An independent director of DNZ Property Fund which floats on NZX next month says the way the business was established left existing shareholders in an invidious position.
Simon Botherway, a former part-owner of institutional investor Brook Asset Management, criticised the old structure of the business.
"I would never have advocated anyone invest into the structure established by Money Managers. The termination of the management agreement was necessary and both PricewaterhouseCoopers and Goldman Sachs JBWere advised accordingly," he said.
MMG (formerly Money Managers) has been critical of DNZ's restructuring, capital raising and initial public offering.
DNZ has thousands of existing shareholders, many of whom bought into the property business via Money Managers. Now, MMG says its clients stand to lose 40 per cent on the deal.
DNZ has been trading on Unlisted at between 37c and 45c over the past year and the capital raising is at 33c a share.
Other listed property vehicles such as Kiwi Income Property Trust are trading at big discounts to net tangible asset backing and have recently undertaken capital raisings at even larger discounts.
To sweeten the DNZ deal, a big pool of shares has been set aside for existing shareholders.
DNZ's constitution prevented the company being listed on the main board in its current form.

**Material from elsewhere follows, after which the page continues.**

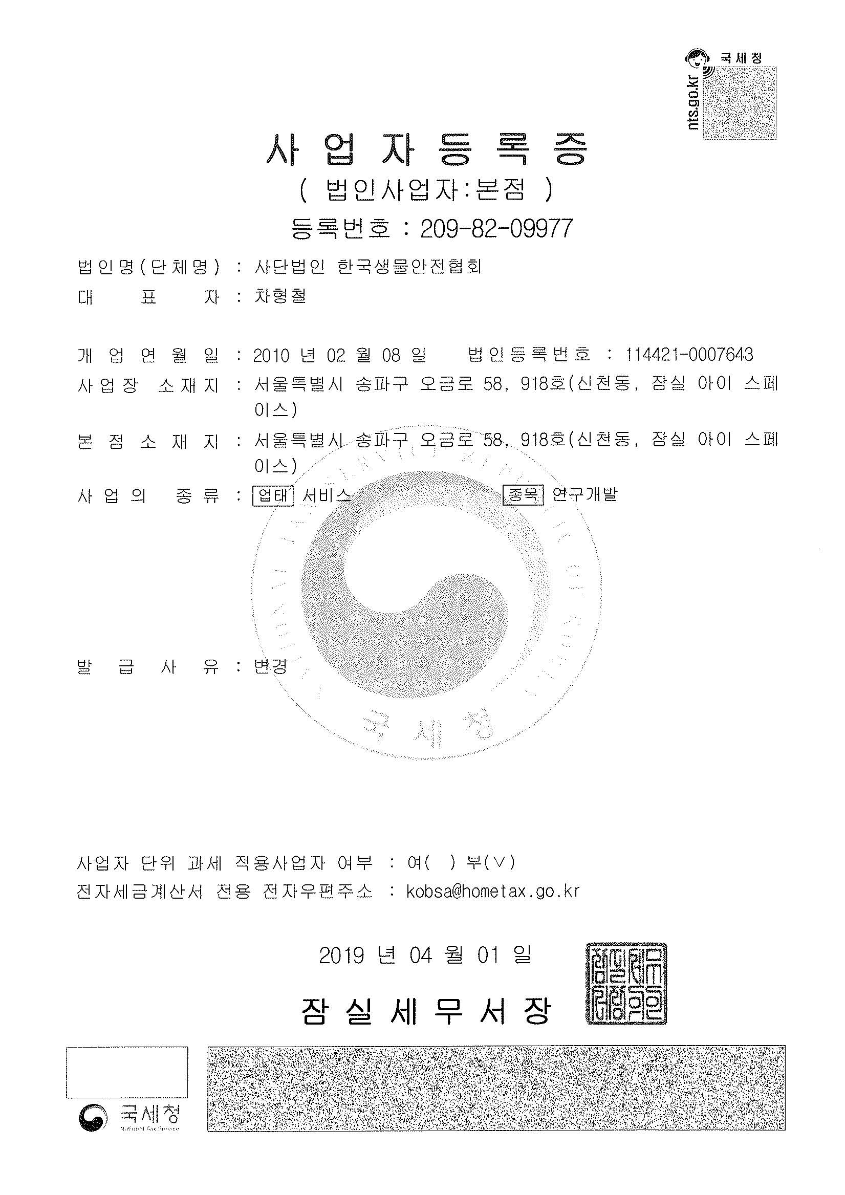 1, 사업자등록증(2019년)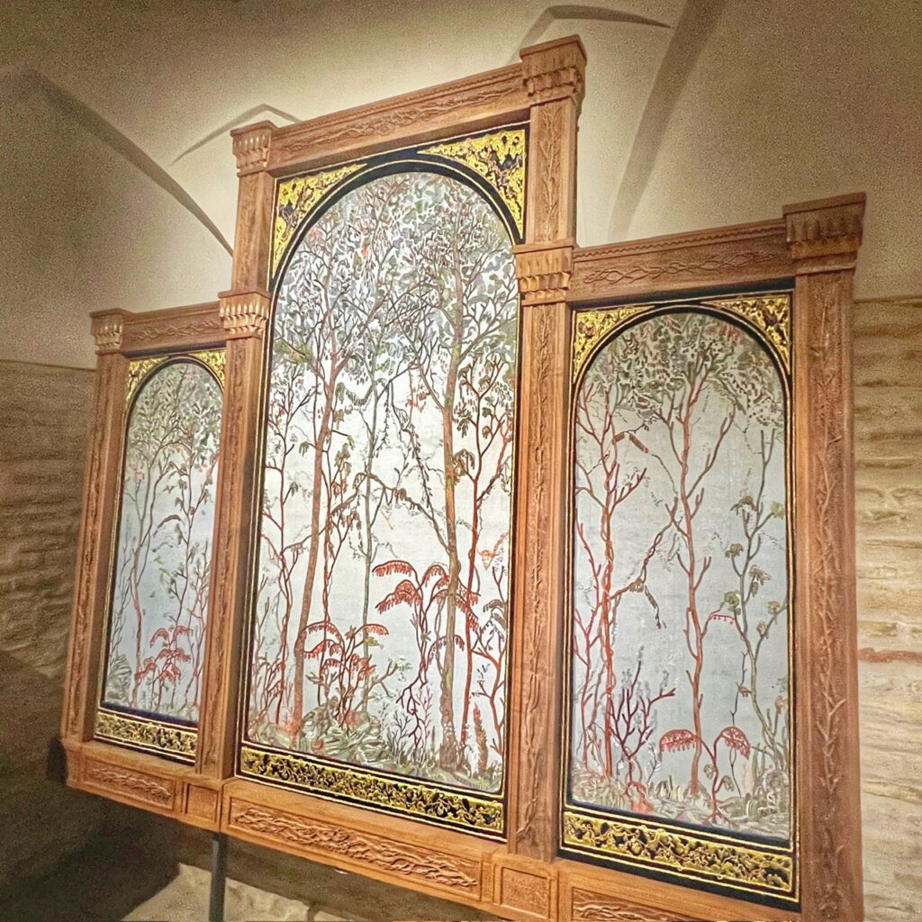 An embroidered masterpiece. It filled an entire room of the former inn. This was near an intriguing spiral staircase to….?

DNZ shareholders had no voting rights and got no say in the deal to pay a third of the money raised to chief executive Paul Duffy and ex-chairman Alastair Hasell.
Botherway said he went on the DNZ board at the request of major institutional investors.
In response to criticism of the DNZ board for entering into related party transactions, Botherway said: "Related party agreements and transactions are generally to be discouraged.
"It is disingenuous to claim that the board is entering into a related party agreement, when it is in fact terminating an existing one.
"Why investors were put into such a structure in the first place is a question which should be put to Money Managers.
"Their principals and associates have benefited from this arrangement. The value transfer from shareholders to manager took place when those poorly advised investors were convinced to part with their money in the first place."
Botherway said he would not have gone on to the board if he believed that the existing constitution and related party arrangements were to remain in place.
The class-A and class-B shareholder structure established by Money Managers is one where the manager (originally owned by principals of Money Managers and their associates) owned all the class-B shares which gave the incumbent manager practically unfettered rights.
The constitution says that a quorum of the board of directors is satisfied by the attendance of a solitary "B" director at a board meeting. This has the effect of entrenching organisational control and direction in the hands of the manager who was effectively remunerated based on the total amount of assets under management.
The capital raising and listing process will eliminate those arrangements.